Omit the pictures and print exactly the lines of the listing below, starting at the first and ending at the line containing "Любой дизайн начинается".

### Collected material
* * * * *

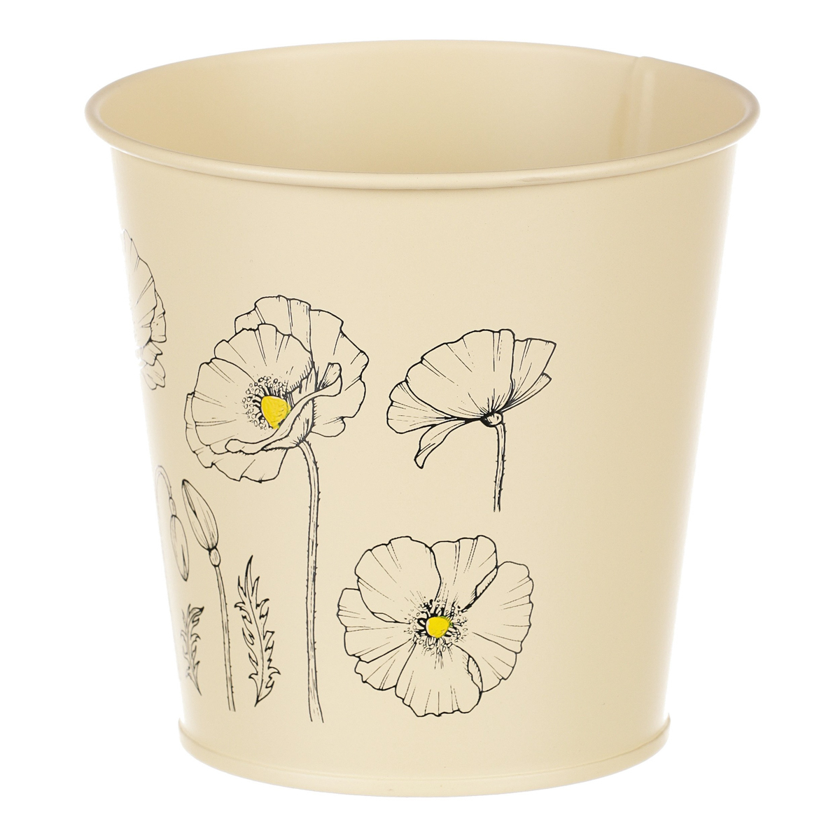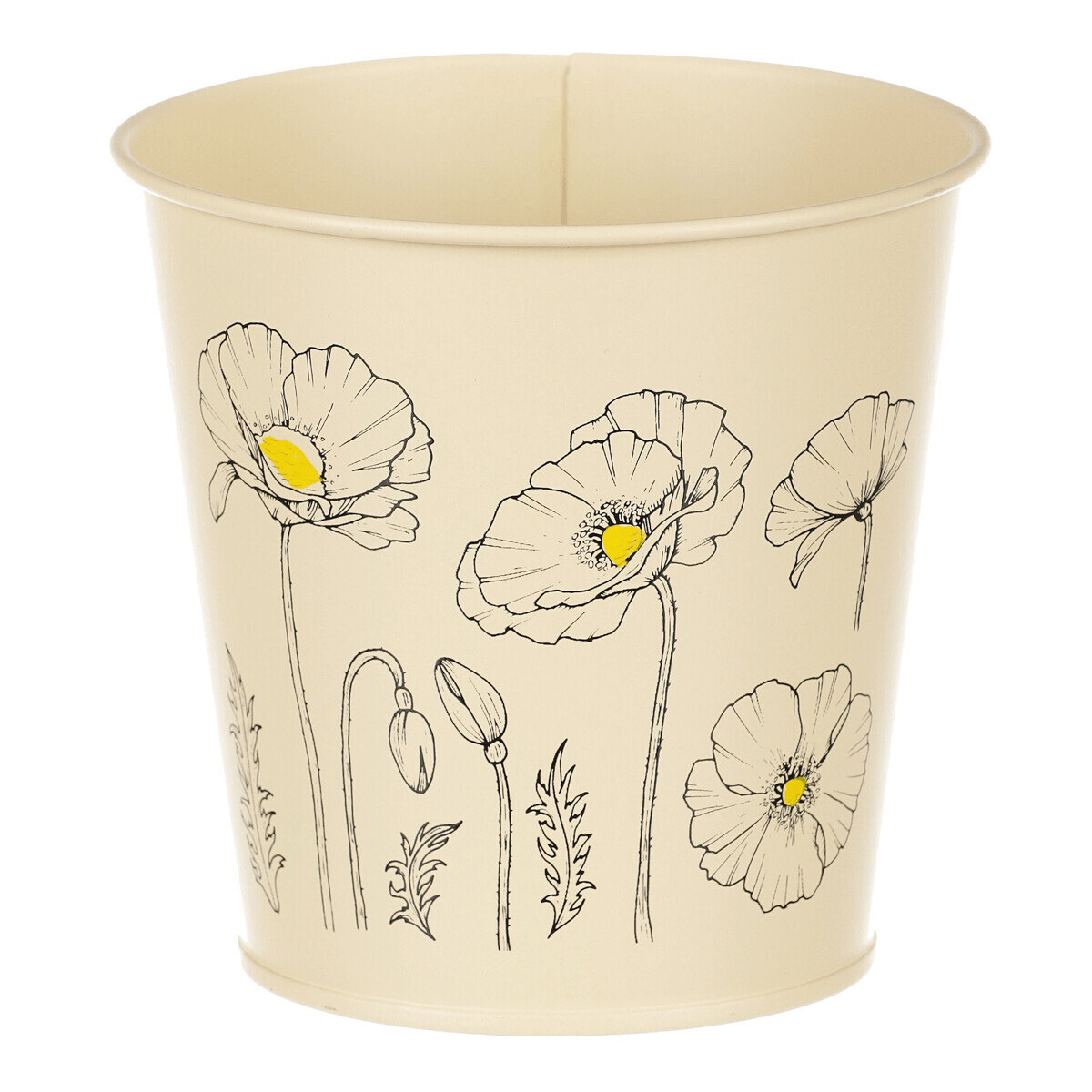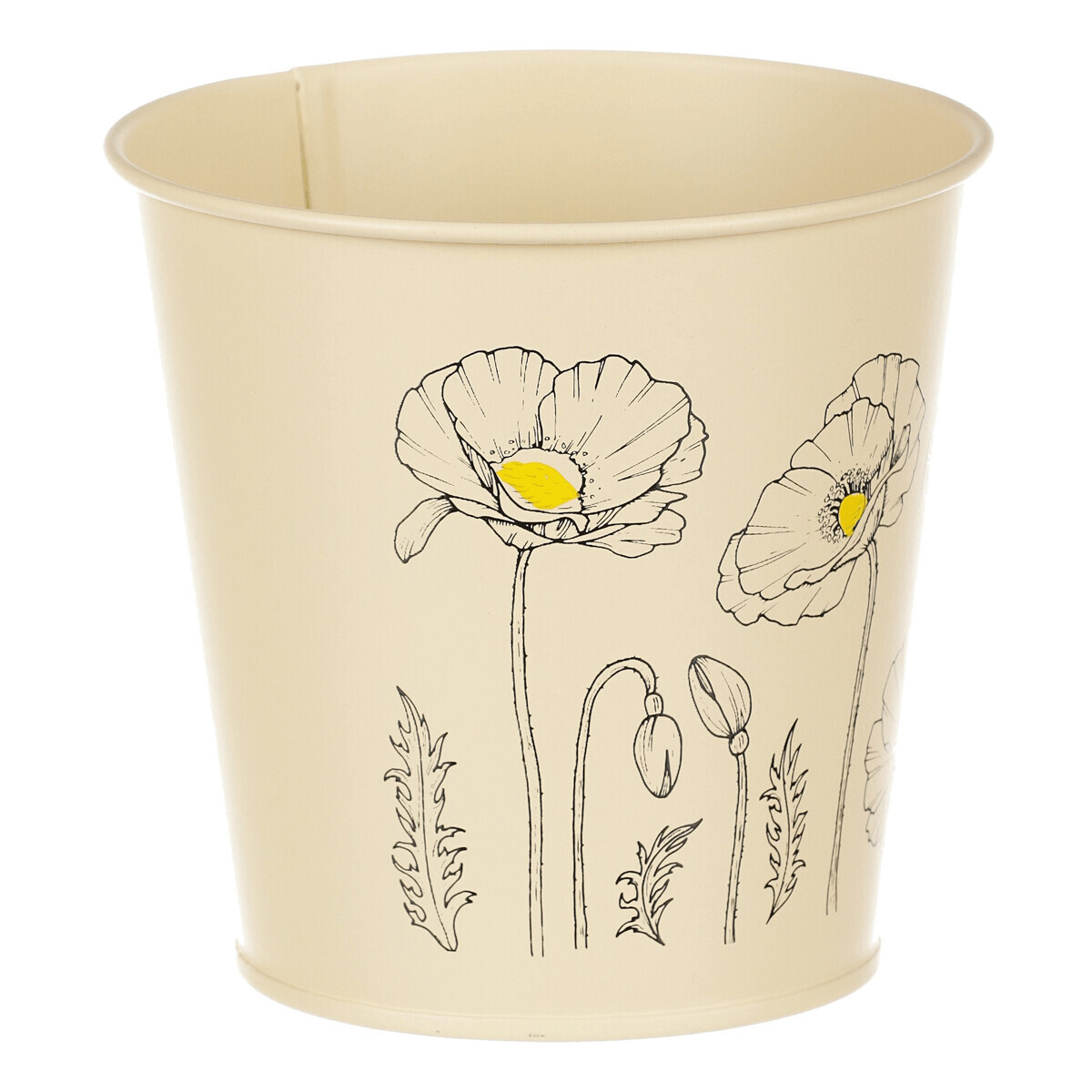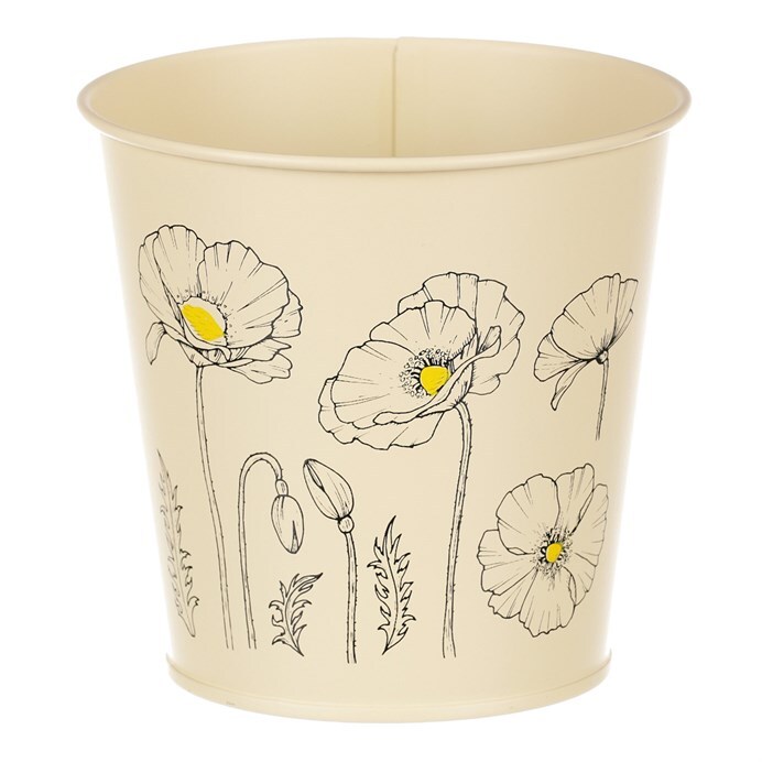 Chcete si udělat radost nevšedním vyzdobením vašeho oblíbeného prostoru květinami, a dochází vám nápady do čeho je vsadit? Zkuste sáhnout po této jedinečné dekoraci v podobě kovového obalu s obrázkem rozkvetlých máků ve žluté barvě a nebudete litovat. Díky svému tvaru a vzhledu se tento kovový obal stane okouzlujícím doplňkem pro vaše květiny. Kombinace krásných rostlin zasazených do takto zdobené a tvarované dekorace spolu vytvoří jedinečnou kompozici. Při pohledu na tuto vámi vytvořenou krásu budete na sebe hrdí a mít skvělý pocit z dobře odvedené práce. Přineste si do svého domova prvek originality s tímto nevšedním kovovým obalem na květiny, který okouzlí každého obdivovatele rostlin a skvěle oživí váš prostor.
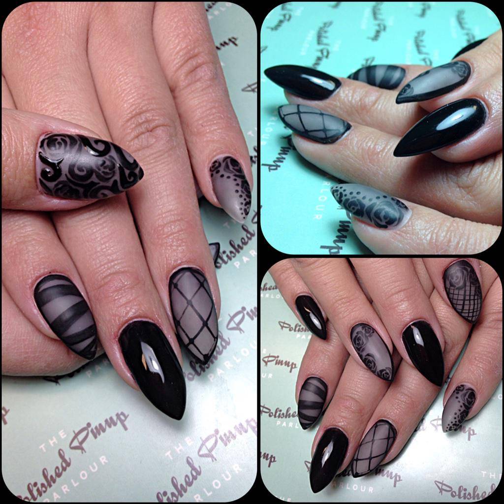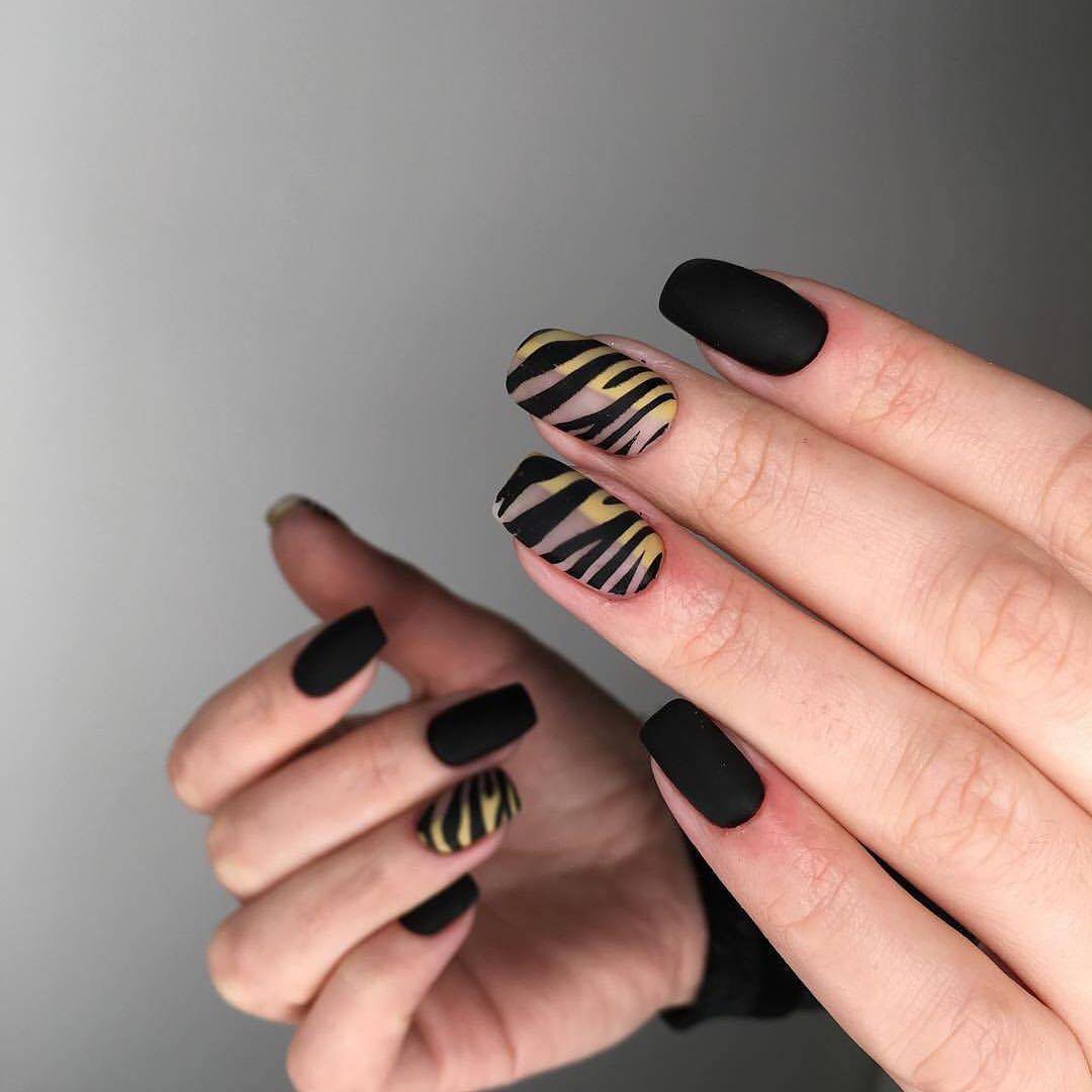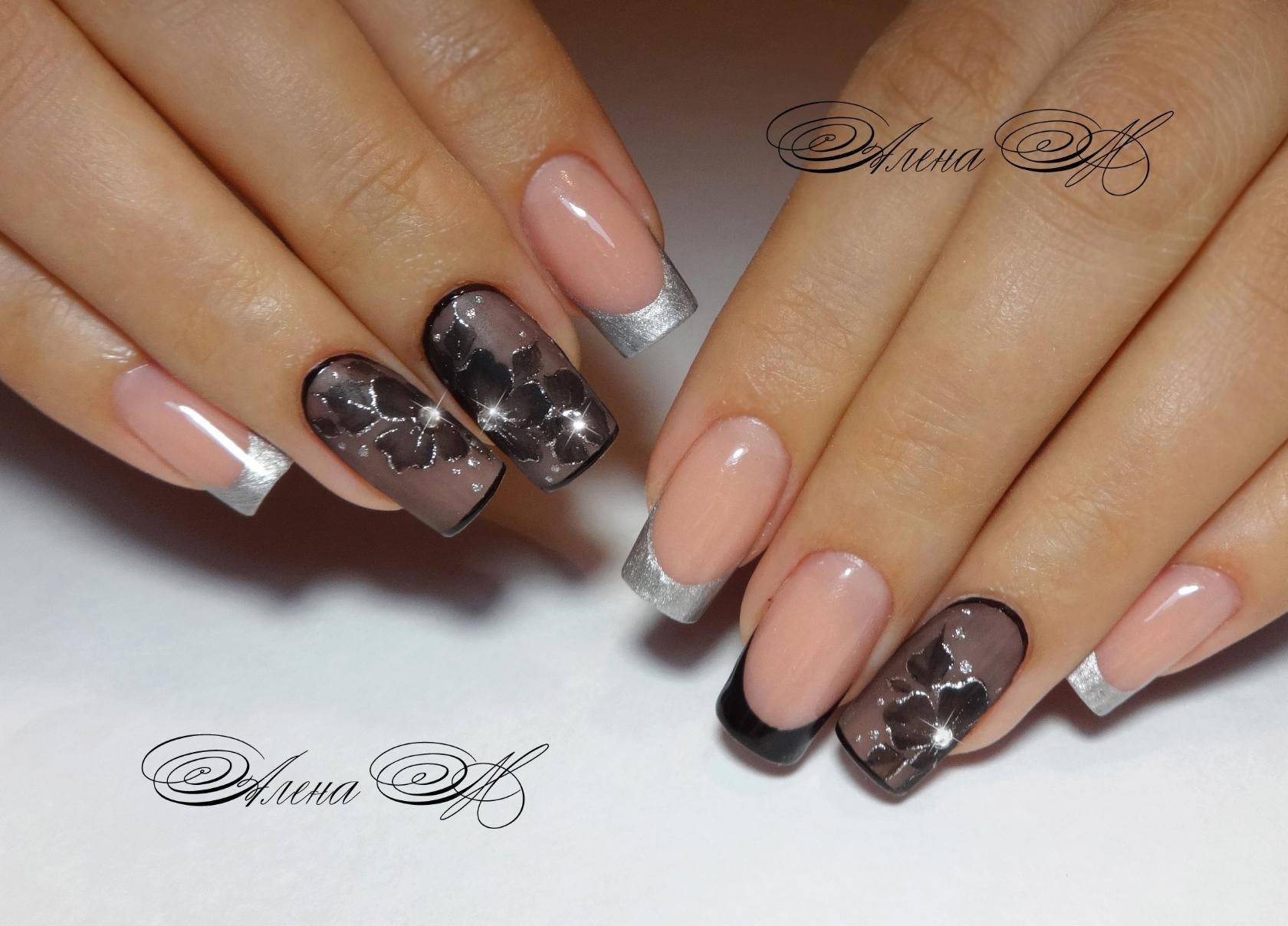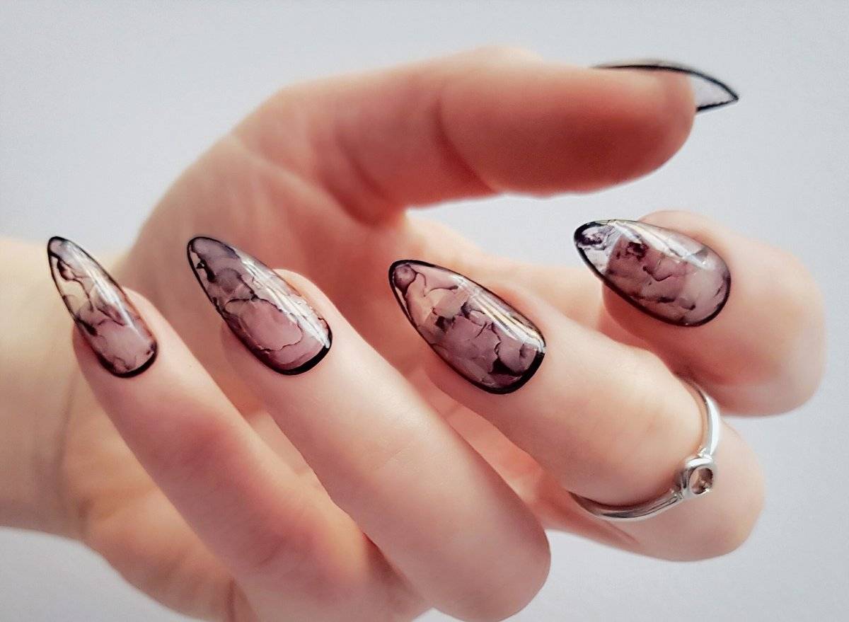 Любой дизайн начинается с технической обработки кутикулы, коррекции длины и удаления ороговевших участков. После чего идет художественная обработка пальчиков и нанесение покрытий и декора. Мы уже упоминали о том, что черную краску можно смешивать с топом или базой. Стилисты рекомендуют выбирать базовое покрытие для смешивания и росписи ногтей.
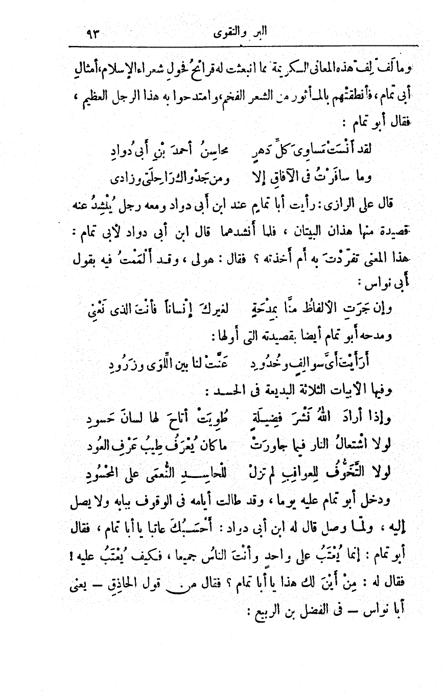 وما لَفّ لِفّ هذه المعاني الكريمة مما انبعثت له قرائح فحول شعراء الإسلام، أمثال أبي تمام، فأنطقتهم بالمأثورِ من الشعر الفخم، وامتدحوا به هذا الرجل العظيم، فقال أبو تمام:

* * * * *

### Solution to the problem
 Chcete si udělat radost nevšedním vyzdobením vašeho oblíbeného prostoru květinami, a dochází vám nápady do čeho je vsadit? Zkuste sáhnout po této jedinečné dekoraci v podobě kovového obalu s obrázkem rozkvetlých máků ve žluté barvě a nebudete litovat. Díky svému tvaru a vzhledu se tento kovový obal stane okouzlujícím doplňkem pro vaše květiny. Kombinace krásných rostlin zasazených do takto zdobené a tvarované dekorace spolu vytvoří jedinečnou kompozici. Při pohledu na tuto vámi vytvořenou krásu budete na sebe hrdí a mít skvělý pocit z dobře odvedené práce. Přineste si do svého domova prvek originality s tímto nevšedním kovovým obalem na květiny, který okouzlí každého obdivovatele rostlin a skvěle oživí váš prostor.
 Любой дизайн начинается с технической обработки кутикулы, коррекции длины и удаления ороговевших участков. После чего идет художественная обработка пальчиков и нанесение покрытий и декора. Мы уже упоминали о том, что черную краску можно смешивать с топом или базой. Стилисты рекомендуют выбирать базовое покрытие для смешивания и росписи ногтей.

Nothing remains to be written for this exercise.